The transit system will have two sources of funds: a 1-percent sales tax in the cities where the authority is approved, and whatever it earns in fares. Fares will not even cover operating costs, so sales tax revenues must be divided between construction and operating subsidies.

The accounting firm of Peat, Marwick and Mitchell has estimated that the transit authority would reap $117.8 million in sales-tax revenues if it were approved by the voters by next year. By the turn of the century, annual tax revenues would rise to $191.3 million per year, in constant 1982 dollars. As of mid-September, the IRTA did not have an official estimate of how much bond money its sales tax funds would buy, but a standard transit construction bond issue, such as the offerings by Atlanta’s MARTA, would run for 30 years. The amount of bond money available would depend on interest rates and on the annual income that the authority coula pledge to pay off the bonds. Accountants have a shorthand way of figuring such things out; they look down a table of numbers, find the “30-year” column and run their fingers down the page until they hit the appropriate interest rate, at which time they will be looking at something called the bond multiplier. It’s called a multiplier because, to figure the amount of bond money available, they need only take that number and multiply it by their annual bond-retirement income. The multiplier at 13 percent interest over 30 years is 7.495, so $100 million in annual income would buy $749.5 million in bonds. If interest rates fell to 10 percent, the multiplier would rise to 9.426, and $100 million a year could purchase $943 million in bonds.

Aside from interest rates, the IRTA construction budget would depend almost entirely on the availability of federal or state subsidies.

6. Should the authority wait for state or federal subsidies?

Maurice Carter seems to think not. The San Diego system, from whence he came, was completed in 30 months; he believes it would have taken twice as long had the city waited successfully for federal mass transit funds, which nowadays is like waiting for Godot.
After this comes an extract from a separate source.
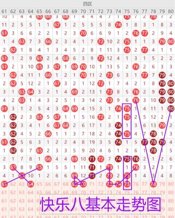 我们来看下四区的基本走势及情况,上期开出了五枚开奖号码,本期预测开出6-7枚开奖号码,首先我们来看61 64的同路交叉走势已建议二选一,尤其重点防守64遗留10期开出。69 71 73 75奇数四连号重号最少四选一,防冷号70开出二连形态(69 70)或者(70 71)。74的堵漏三斜连。78的倒三角三斜连。

Things don’t look much more promising in Austin, according to Robert Dedman, chairman of the Texas Highway and Transportation Commission. “It’s going to be very difficult to get state funds for local public transit,” he says. “Can you imagine people from Dallas voting to subsidize public transit in Houston? Or people from Houston voting to subsidize public transit in Dallas?”

On the other hand, one of the chief planners of the Dallas system privately counts on some sort of construction subsidy. California, he notes, allows localities to decide for themselves whether to devote up to half their state gasoline-tax revenues to transit, as opposed to highways. He thinks Texans, too, may change their thinking from moving cars to moving people. “You’ve got to be optimistic in this line of work, or you’ll never even try to get anything done,” he says.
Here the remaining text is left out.